Journal de l'année Édition 1978 1978Éd. 1978

Certaines erreurs commises au départ dans l'organisation des marchés agricoles ont vu leurs conséquences néfastes amplifiées par le jeu des montants compensatoires. C'est ce qui s'est passé avec le porc, un secteur de la production qui a fait l'objet de fortes tensions au sein de la CEE en 1977-1978. Pour les comprendre, il faut remonter quelques années en arrière.

Porcs

Pour protéger l'élevage européen, au début du Marché commun, et compte tenu du fait qu'à l'époque le porc pouvait être considéré comme de la céréale transformée, on avait calculé très largement la ration théorique de céréales nécessaires. La protection du marché céréalier s'étendait ainsi au marché porcin. Cependant, au fil des ans, l'alimentation des porcs a été modifiée : le soja et le manioc, produits non soumis aux règlements européens, ont remplacé l'orge dans les rations. Les montants compensatoires n'en ont pas moins été appliqués sur la base d'une ration théorique « gonflée » en céréales, qui n'avait plus rien à voir avec la réalité. Cette erreur volontaire était au départ sans grande répercussion ; mais, lorsque les MCM approchaient 20 %, l'avantage commercial qui en résultait pour les éleveurs allemands, néerlandais, belges ou danois sur les éleveurs français est devenu véritablement insupportable.

À deux reprises, à la requête de la France, principale victime de la situation, le mode de calcul du montant porc a dû être modifié : en outre, la France a procédé, lors de la fixation des prix de la campagne 1978-1979, à une dévaluation supplémentaire de 3,6 % pour les échanges de viande porcine, cette opération sur le franc porc, applicable le 17 mai, ramenait les MCM dans le secteur du porc à 6,2 %, alors que les MCM pour les autres produits passaient de 14,4 à 10,3 %.

Ainsi, par le jeu des MCM, les agricultures européennes se développent comme si elles vivaient dans le cadre d'une union monétaire qui n'existe pas. Il en résulte des distorsions entre agricultures nationales, mais aussi entre les produits agricoles et les moyens de production (engrais, machines) mis en œuvre par les agriculteurs. Sans doute peut-on dire qu'à la différence des industriels soumis aux aléas de la situation économique et monétaire générale, les agriculteurs continuent à bénéficier d'une protection aux frontières et de prix garantis.

Harmonisation

La vraie solution à ce problème passe par le resserrement des fluctuations des monnaies et, donc, par la mise en œuvre de politiques réduisant les mouvements divergents des économies européennes. C'est à cette tâche fondamentale que se sont employés les Neuf. Ils ont confronté leur stratégie à cet égard à l'occasion du Conseil européen de Copenhague, les 7 et 8 avril, sans aboutir à des conclusions précises.
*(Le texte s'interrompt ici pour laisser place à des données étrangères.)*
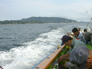 お隣のお客さんが剣崎沖に拘っていらしたようで、剣崎沖の方が釣れるんじゃないかと言っていましたが、船長は「剣崎じゃ潮が速すぎるから25号じゃ真横に飛んでって釣りにならないよ」とおっしゃっていました。
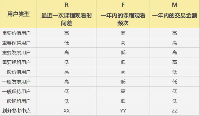课程消费模块用户对应的是服务消费型用户,使用RFM模型进行分层。
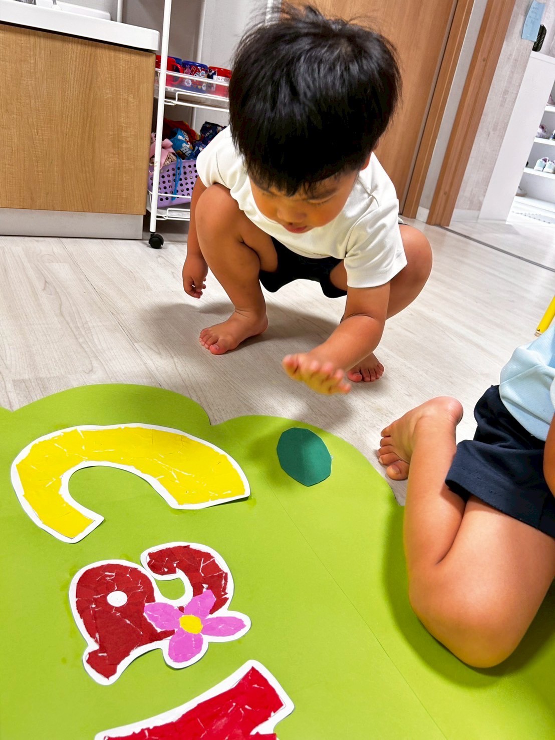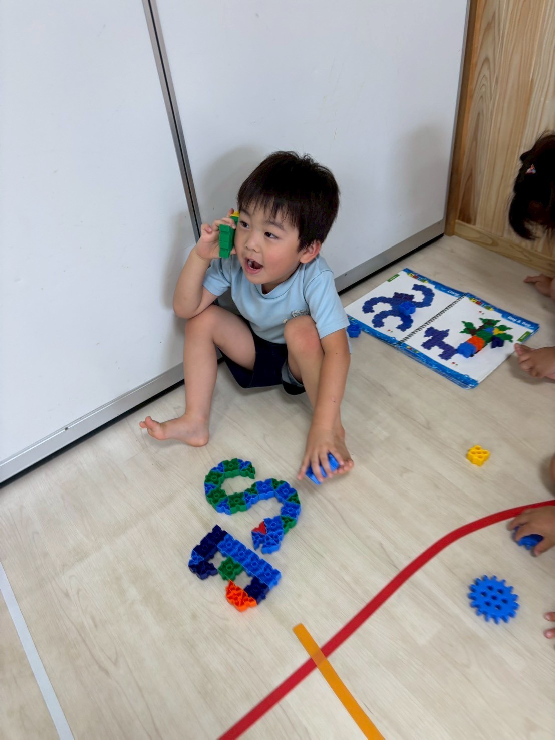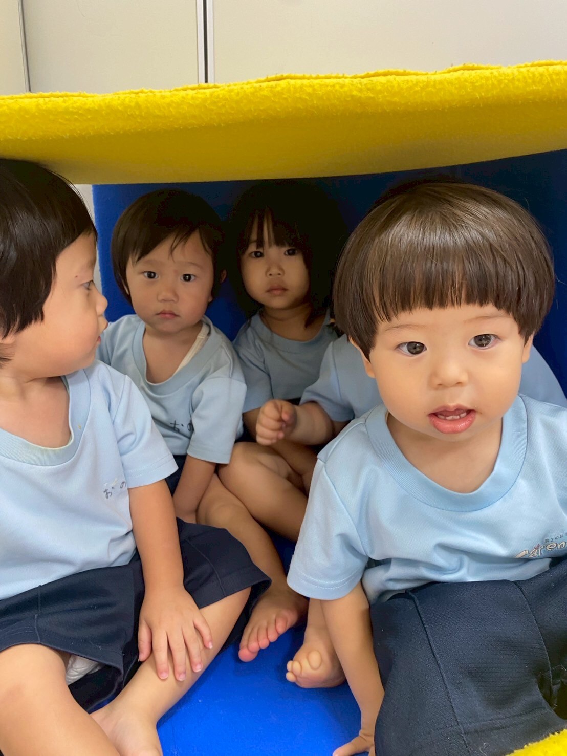 その後はマットをくっつけてお家や道を作って仲良くみんなで遊びました😊上手くくっつけるのが難しい時はみんなで協力してお家を作っていました✨
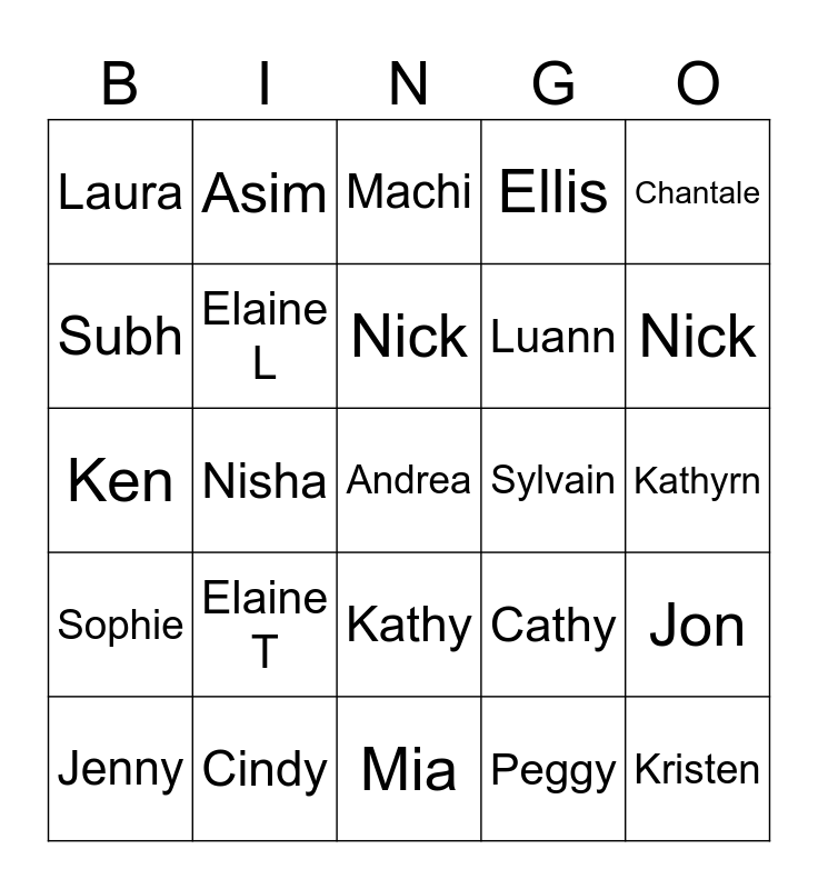 This bingo card has 29 words: Jenny, Steven, Nisha, Kristen, Laura, Machi, Elaine L, Elaine T, Sylvain, Cindy, Kathyrn, Andrea, Mia, Peggy, Nick, Zobair, Kathy, Sophie, Chantale, Ken, Cathy, Caitlin, Luann, Subh, Ellis, Asim, Jon, Nick and Isra.
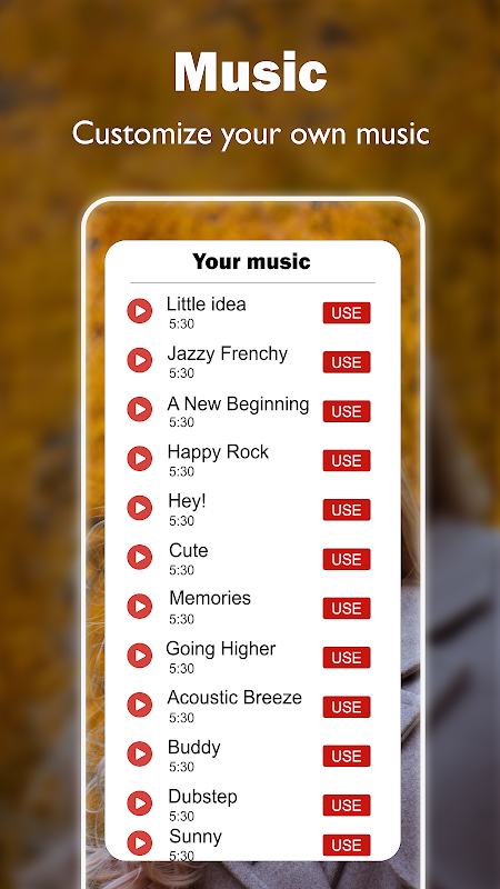 - Add music to the Video Maker, easily select the music you love to add to the video.
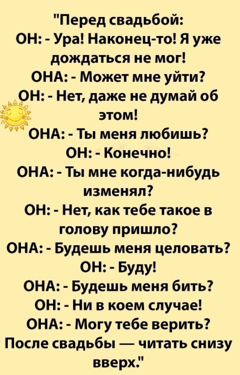 Предлагаю сделать небольшой перерыв в рутинной череде ежедневных забот и обязанностей, чтобы ненадолго переключиться и улучшить своё эмоциональное состояние. Ведь иногда полезно отвлекаться от суеты и повседневной нагрузки, позволяя себе расслабиться и получить заряд позитива через хорошее чувство юмора и искренний смех. Именно сейчас самое время устроить небольшую передышку, посмотреть забавную историю, послушать анекдот или поделиться веселым случаем с друзьями — ведь ничто так не поднимает настроение и не восстанавливает душевные силы, как здоровый и весёлый смех! Ночь перед Новым годом. Около пяти часов утра кто-то звонит в дверь. Никого не ожидая, всё равно решаюсь открыть. Передо мной — совершенно трезвый парень приятной внешности, одетый всего лишь в джинсы и белую рубашку. Пожелав мне наступившего Нового года, он задаёт неожиданный вопрос: — Извините, случайно не у вас ли я праздновал? — Думаю, нет. Парень тяжело вздыхает: — Может, хотя бы семью Мартыновых знаете? — Тоже вряд л

Réconcilier la stabilité monétaire et la croissance économique — tel est l'enjeu — et faire en sorte que les Neuf marchent d'un même pas. C'est donc pour essayer de sauver l'Europe agricole et, à travers elle, toute la Communauté européenne, que Valéry Giscard d'Estaing et Helmut Schmidt ont décidé, au printemps 78, de faire une nouvelle tentative de retour vers une certaine union monétaire. Les réunions internationales de l'été 78 devaient être l'occasion de préciser cette tentative avant la grande échéance politique européenne de 1979, l'élection au suffrage universel du Parlement européen, pour la première fois dans l'Histoire.